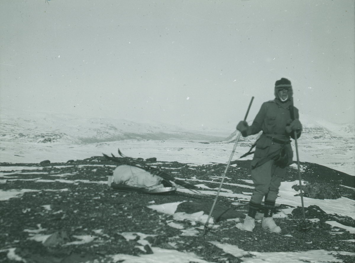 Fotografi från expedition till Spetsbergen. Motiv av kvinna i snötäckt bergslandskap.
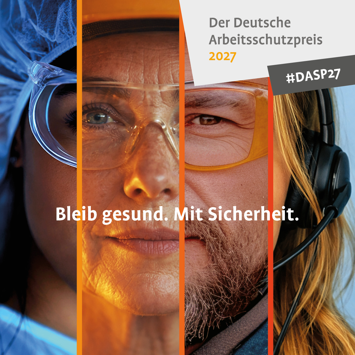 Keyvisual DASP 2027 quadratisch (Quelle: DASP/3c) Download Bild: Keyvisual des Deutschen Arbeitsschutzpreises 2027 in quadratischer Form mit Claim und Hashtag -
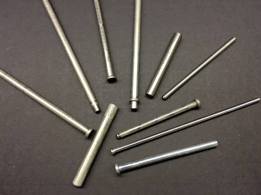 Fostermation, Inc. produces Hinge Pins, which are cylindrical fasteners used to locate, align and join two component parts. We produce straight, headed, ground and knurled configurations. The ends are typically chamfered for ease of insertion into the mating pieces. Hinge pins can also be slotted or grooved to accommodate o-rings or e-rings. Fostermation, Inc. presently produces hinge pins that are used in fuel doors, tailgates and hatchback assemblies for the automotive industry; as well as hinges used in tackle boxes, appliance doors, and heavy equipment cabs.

------------

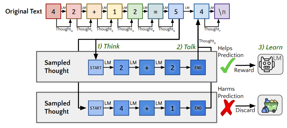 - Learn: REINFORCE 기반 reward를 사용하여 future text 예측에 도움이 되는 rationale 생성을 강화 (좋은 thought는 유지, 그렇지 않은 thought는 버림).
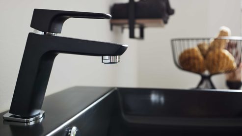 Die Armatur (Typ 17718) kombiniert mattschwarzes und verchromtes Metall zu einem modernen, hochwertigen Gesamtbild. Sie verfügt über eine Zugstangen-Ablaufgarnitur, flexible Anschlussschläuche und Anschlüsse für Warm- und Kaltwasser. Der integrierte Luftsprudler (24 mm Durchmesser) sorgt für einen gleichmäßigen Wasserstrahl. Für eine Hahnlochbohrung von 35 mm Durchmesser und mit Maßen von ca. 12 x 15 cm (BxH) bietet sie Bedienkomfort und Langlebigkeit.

------------

Print, exactly, each line above from the one with "Fotografi från expedition" to the one with "Keyvisual DASP 2027", end lines included. Leave pictures out of it.

 Fotografi från expedition till Spetsbergen. Motiv av kvinna i snötäckt bergslandskap.
 Keyvisual DASP 2027 quadratisch (Quelle: DASP/3c) Download Bild: Keyvisual des Deutschen Arbeitsschutzpreises 2027 in quadratischer Form mit Claim und Hashtag -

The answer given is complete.